Building a rate limiter

Implement token bucket atomically in Redis with a Lua script, handle the distributed-counter race, and scale to per-node local buckets.

The core: atomic token bucket in Redis

The whole correctness problem is atomicity. Refill-then-decrement is a read-modify-write; if two requests interleave, both can see the same token count and both pass when only one should. The fix is to make the operation atomic. In Redis, run it as a Lua script (Redis executes scripts atomically):

-- KEYS[1] = bucket key   ARGV: capacity, refill_rate, now, requested
local b = redis.call('HMGET', KEYS[1], 'tokens', 'ts')
local tokens = tonumber(b[1]) or tonumber(ARGV[1])   -- start full
local ts     = tonumber(b[2]) or tonumber(ARGV[3])
local cap, rate, now, need = tonumber(ARGV[1]), tonumber(ARGV[2]),
                             tonumber(ARGV[3]), tonumber(ARGV[4])

tokens = math.min(cap, tokens + (now - ts) * rate)   -- refill by elapsed time
local allowed = tokens >= need
if allowed then tokens = tokens - need end

redis.call('HMSET', KEYS[1], 'tokens', tokens, 'ts', now)
redis.call('EXPIRE', KEYS[1], math.ceil(cap / rate)) -- evict idle keys
return allowed and 1 or 0

The middleware calls this once per request; a 0 becomes a 429. Because the whole script runs atomically on the single-threaded Redis, the race disappears — no locks needed.

The middleware

def rate_limit(request):
    key = f"rl:{request.api_key}:{request.route_rule}"
    allowed = redis.evalsha(SCRIPT_SHA, 1, key, CAP, RATE, time.time(), 1)
    if not allowed:
        retry = compute_retry_after(key)
        return Response(429, headers={"Retry-After": retry})
    return forward(request)

Return helpful headers: X-RateLimit-Limit, X-RateLimit-Remaining, X-RateLimit-Reset, and Retry-After so well-behaved clients back off.

Sliding window counter (the accurate alternative)

If you want to avoid token-bucket’s burst allowance and the fixed-window boundary spike, blend two fixed windows by weight:

count ≈ prev_window_count * (overlap fraction) + current_window_count
allow if count < limit

Cheap (two integer counters per key) and smooth — a common production choice.

Scaling: the per-node hop problem

A Redis call per request is fine to ~100k QPS, but at extreme scale that round trip becomes the bottleneck. Two mitigations:

Local token buckets — each gateway node keeps its own bucket for a share of the limit (limit / N nodes). Zero network hop, but approximate (uneven traffic across nodes wastes allowance).
Local + periodic sync — nodes limit locally and reconcile counts with Redis every few hundred ms, trading a little accuracy for big latency/throughput wins.

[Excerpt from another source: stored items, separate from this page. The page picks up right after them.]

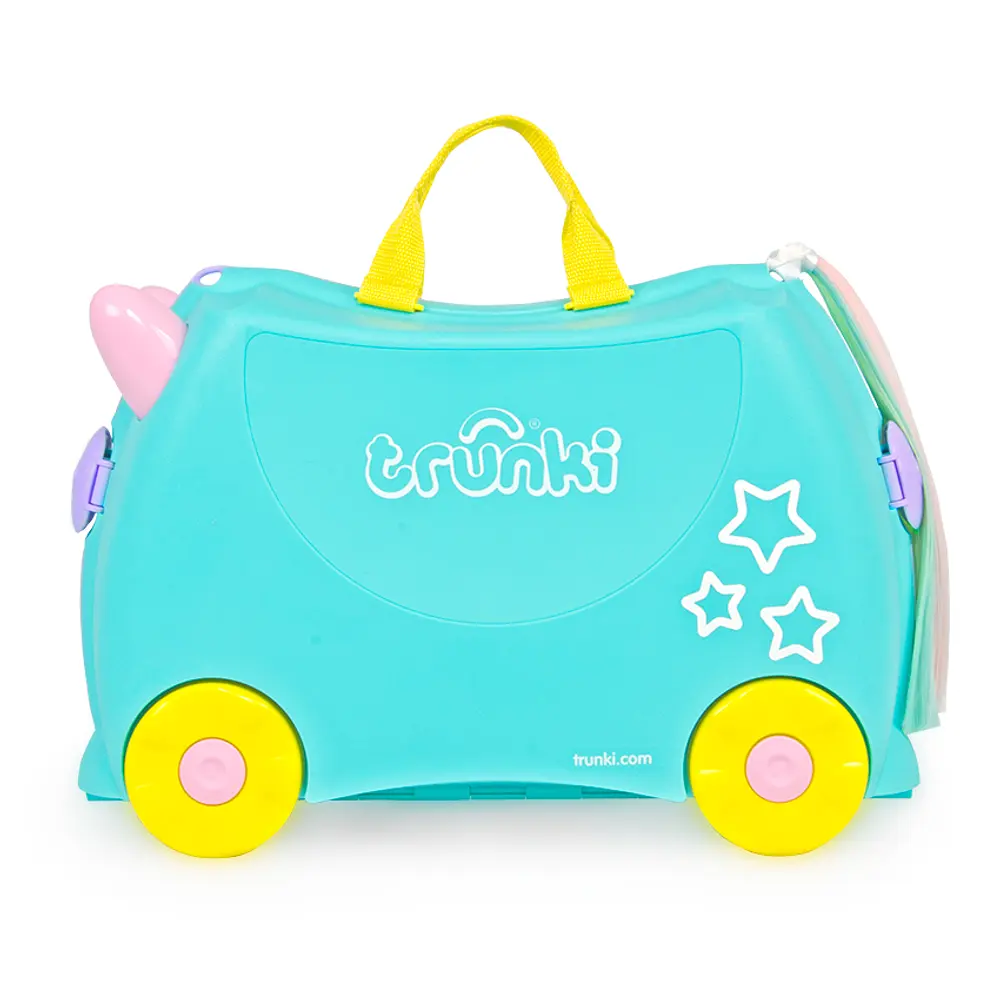 Trunki fue creada para combatir el aburrimiento de los pequeños viajeros. Diseñada para ser utilizada como equipaje de mano, los niños pueden empacar sus pertenencias favoritas y transportarse. Incluye una correa para que los padres puedan remolcar a sus hijos.
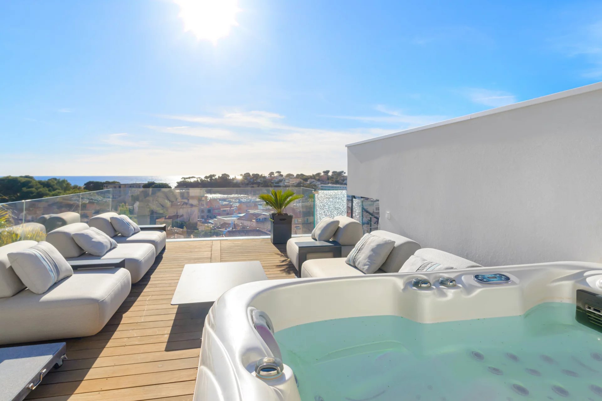 The second floor is dedicated to the luxurious master suite, which includes a bathroom with both bathtub and shower, a walk-in closet, a dressing area, a private terrace, and access to the rooftop. The rooftop features a relaxation space and a Jacuzzi with breathtaking sea views.
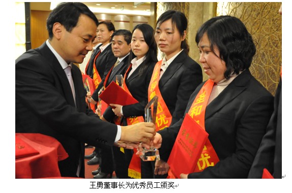 會(huì)上對2011年度先進(jìn)個(gè)人和集體進(jìn)行表彰,并舉行了隆重的頒獎(jiǎng)儀式。徐立軍等17人被授予“優(yōu)秀員工”稱號,朱正偉等34人被授予“先進(jìn)員工”稱號,北京二區(qū)等10個(gè)辦事處被授予“優(yōu)秀辦事處”稱號,趙永麗等16人被授予“銷售能手”稱號,馬艷等36人被授予“優(yōu)秀代表”稱號,蔡翠等19人被授予“企業(yè)文化建設(shè)先進(jìn)個(gè)人”稱號。
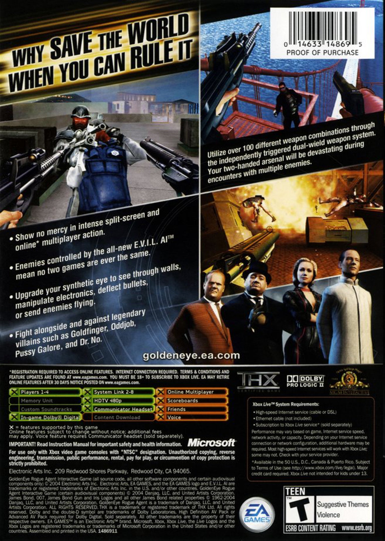 Step into the shoes of a rogue 00 agent in GoldenEye: Rogue Agent for the Xbox. Betrayed by MI6, you are recruited by Auric Goldfinger to wage war against Dr. No. Wield a customizable synthetic "golden eye" with powerful abilities, engage in intense first-person shooter combat, and battle alongside and against iconic Bond villains. Experience a darker, more brutal take on the world of James Bond.
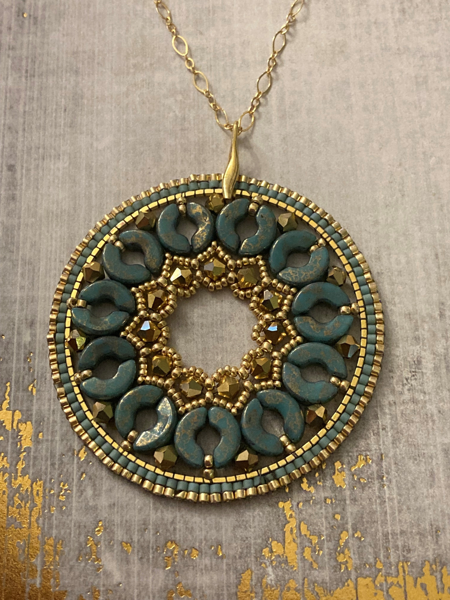 Diameter 5 cm, Franse Perles par Puca en Swarovski toupies 4 mm.

State the trade: exactness (central Redis) vs latency/throughput (local, approximate).

Availability: fail open

The limiter must never take down the service it protects. If Redis is unreachable, allow the request (and alert) rather than 429 everyone:

try:
    allowed = redis.evalsha(...)
except RedisError:
    metrics.incr("ratelimiter.fail_open")
    allowed = True            # degrade to allow

Run Redis replicated so this is rare, but design for it.

Edge cases and extras

Multiple rules — evaluate per-endpoint and per-tier limits; the strictest wins.
Clock skew — use the Redis server time (or a passed timestamp) consistently, not each node’s clock.
Distributed-denial protection — combine per-key limits with a global limit so many keys can’t collectively overwhelm a backend.
Hot key — a single abusive key hammering one Redis shard; shard counters or absorb with local buckets.

The takeaway

The graded points: an atomic token-bucket (Lua/single-threaded Redis) to kill the distributed-counter race, a shared store so the limit holds across instances, 429 + Retry-After, fail-open for availability, and a path to local buckets when the Redis hop becomes the bottleneck. That’s a production rate limiter, and it directly reuses Chapter 3’s token-vs-leaky and Chapter 2’s caching/consistency ideas.